§ Problem requirements
Look through the lines below and extract any with the word "delivers".

╭─ Input material

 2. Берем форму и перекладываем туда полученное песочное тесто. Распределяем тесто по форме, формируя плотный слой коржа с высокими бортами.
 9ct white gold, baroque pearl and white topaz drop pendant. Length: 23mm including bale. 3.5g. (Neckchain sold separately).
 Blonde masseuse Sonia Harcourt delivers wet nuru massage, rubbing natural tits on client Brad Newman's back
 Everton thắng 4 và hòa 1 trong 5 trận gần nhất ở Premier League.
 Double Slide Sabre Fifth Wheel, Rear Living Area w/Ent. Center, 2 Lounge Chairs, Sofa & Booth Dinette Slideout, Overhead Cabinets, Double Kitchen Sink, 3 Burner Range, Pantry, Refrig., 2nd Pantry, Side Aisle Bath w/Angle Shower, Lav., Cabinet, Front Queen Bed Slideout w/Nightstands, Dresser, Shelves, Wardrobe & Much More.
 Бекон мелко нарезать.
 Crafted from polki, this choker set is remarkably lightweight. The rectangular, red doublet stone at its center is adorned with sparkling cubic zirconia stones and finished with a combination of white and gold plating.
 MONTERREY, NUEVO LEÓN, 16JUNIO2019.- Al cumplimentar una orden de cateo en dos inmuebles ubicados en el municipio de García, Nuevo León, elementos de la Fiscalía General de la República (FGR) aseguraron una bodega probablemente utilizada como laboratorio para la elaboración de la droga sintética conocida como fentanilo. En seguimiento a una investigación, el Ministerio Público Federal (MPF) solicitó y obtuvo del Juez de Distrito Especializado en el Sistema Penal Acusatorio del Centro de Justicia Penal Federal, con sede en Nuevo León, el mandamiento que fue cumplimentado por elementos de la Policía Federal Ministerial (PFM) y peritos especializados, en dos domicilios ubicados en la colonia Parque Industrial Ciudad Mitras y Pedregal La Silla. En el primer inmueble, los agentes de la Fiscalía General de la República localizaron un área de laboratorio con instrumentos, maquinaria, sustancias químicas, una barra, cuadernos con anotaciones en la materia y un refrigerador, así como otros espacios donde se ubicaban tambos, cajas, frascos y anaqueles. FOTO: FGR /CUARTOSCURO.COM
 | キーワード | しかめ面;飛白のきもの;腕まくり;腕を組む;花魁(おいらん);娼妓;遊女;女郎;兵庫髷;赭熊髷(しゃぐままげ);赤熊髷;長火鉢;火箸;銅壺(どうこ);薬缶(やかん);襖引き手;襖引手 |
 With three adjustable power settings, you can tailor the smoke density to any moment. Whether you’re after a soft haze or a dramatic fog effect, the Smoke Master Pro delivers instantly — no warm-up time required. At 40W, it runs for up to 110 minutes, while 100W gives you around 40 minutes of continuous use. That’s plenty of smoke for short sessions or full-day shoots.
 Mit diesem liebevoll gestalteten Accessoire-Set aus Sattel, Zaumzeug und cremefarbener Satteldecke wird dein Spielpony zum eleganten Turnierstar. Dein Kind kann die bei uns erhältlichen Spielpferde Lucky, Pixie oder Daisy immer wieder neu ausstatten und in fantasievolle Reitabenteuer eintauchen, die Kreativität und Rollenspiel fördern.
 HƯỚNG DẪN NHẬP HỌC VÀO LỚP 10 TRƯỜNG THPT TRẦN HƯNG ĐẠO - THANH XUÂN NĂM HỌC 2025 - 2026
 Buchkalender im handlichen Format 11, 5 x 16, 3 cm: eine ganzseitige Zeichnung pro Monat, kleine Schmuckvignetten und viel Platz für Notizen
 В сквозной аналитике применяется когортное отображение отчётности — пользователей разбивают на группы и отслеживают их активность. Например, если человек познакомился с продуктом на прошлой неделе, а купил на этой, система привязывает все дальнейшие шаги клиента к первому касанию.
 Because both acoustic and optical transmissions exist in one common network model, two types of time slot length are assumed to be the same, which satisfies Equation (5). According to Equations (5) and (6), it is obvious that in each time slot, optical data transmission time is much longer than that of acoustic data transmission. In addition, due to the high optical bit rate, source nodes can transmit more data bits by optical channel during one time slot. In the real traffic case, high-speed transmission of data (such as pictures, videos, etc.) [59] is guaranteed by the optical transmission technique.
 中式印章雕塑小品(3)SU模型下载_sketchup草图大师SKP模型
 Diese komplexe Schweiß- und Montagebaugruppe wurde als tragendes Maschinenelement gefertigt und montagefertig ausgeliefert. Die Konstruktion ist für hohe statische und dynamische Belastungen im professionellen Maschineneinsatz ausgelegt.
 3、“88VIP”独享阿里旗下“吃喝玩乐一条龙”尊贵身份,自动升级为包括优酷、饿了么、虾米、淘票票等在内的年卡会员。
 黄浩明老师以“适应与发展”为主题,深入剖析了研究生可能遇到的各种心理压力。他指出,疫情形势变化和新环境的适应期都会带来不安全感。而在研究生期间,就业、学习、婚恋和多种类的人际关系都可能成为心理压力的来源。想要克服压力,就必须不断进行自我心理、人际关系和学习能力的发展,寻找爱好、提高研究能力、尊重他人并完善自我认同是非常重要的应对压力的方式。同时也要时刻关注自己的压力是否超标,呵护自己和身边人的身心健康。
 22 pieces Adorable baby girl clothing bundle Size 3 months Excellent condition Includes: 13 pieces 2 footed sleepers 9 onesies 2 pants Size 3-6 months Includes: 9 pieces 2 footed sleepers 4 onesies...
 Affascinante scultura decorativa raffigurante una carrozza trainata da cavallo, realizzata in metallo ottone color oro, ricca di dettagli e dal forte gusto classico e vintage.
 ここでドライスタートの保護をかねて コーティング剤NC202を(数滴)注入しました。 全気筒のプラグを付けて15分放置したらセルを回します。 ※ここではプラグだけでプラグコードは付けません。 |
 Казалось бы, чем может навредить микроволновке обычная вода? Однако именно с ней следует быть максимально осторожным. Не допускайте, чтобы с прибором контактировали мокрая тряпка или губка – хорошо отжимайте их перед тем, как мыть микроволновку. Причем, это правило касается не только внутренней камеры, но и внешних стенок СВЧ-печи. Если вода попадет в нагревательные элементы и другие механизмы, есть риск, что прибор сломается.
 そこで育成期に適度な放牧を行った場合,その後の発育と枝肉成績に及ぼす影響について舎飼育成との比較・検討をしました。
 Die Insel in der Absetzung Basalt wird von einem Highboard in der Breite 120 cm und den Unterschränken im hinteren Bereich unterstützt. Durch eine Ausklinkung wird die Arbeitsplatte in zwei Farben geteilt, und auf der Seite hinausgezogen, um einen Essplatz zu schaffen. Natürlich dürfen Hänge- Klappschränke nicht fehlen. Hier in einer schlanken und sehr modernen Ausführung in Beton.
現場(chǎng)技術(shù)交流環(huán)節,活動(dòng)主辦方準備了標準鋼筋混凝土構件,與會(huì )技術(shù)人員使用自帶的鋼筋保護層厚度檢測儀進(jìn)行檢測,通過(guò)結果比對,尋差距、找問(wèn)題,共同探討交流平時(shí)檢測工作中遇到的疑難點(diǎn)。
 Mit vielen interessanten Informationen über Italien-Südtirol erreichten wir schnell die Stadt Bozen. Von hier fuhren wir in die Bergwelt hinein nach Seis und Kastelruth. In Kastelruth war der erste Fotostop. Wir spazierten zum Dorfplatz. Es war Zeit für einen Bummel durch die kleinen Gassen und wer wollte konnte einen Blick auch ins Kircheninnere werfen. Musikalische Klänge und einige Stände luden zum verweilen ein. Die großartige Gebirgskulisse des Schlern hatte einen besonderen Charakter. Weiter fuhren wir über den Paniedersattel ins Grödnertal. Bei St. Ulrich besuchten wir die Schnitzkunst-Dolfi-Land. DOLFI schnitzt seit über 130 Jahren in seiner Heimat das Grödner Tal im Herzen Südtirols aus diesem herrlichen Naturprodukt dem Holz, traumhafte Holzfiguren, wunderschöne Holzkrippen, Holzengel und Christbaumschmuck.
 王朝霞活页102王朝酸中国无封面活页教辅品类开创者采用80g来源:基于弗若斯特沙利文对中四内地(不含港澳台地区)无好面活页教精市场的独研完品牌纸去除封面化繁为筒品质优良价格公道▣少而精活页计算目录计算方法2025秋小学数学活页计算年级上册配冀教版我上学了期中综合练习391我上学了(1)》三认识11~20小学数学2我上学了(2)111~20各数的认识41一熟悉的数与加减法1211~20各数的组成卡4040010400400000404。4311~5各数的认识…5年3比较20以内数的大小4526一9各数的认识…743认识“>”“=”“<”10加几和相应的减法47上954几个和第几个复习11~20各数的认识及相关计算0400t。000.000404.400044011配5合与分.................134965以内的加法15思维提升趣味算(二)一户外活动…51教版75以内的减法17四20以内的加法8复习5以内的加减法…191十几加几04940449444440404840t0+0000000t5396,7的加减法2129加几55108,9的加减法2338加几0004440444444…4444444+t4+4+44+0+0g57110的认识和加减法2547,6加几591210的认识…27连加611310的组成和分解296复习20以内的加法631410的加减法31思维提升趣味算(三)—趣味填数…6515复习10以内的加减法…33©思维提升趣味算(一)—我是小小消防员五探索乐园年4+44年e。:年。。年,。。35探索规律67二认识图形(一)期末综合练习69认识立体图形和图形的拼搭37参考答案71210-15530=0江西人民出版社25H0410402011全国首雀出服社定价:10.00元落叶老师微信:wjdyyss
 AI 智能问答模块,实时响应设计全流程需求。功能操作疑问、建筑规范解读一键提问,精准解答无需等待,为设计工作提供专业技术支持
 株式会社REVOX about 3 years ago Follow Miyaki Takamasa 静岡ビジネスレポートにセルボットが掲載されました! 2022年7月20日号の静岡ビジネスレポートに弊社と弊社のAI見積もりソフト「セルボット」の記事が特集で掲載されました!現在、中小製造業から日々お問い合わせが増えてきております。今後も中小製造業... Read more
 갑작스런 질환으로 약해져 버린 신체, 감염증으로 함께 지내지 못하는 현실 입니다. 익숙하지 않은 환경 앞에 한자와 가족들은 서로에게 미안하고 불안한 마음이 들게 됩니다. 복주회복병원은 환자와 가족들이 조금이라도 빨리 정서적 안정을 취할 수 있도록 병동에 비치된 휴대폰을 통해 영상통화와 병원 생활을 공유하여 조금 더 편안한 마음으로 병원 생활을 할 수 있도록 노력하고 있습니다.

╰─

§ Solution to this problem
 Blonde masseuse Sonia Harcourt delivers wet nuru massage, rubbing natural tits on client Brad Newman's back
 With three adjustable power settings, you can tailor the smoke density to any moment. Whether you’re after a soft haze or a dramatic fog effect, the Smoke Master Pro delivers instantly — no warm-up time required. At 40W, it runs for up to 110 minutes, while 100W gives you around 40 minutes of continuous use. That’s plenty of smoke for short sessions or full-day shoots.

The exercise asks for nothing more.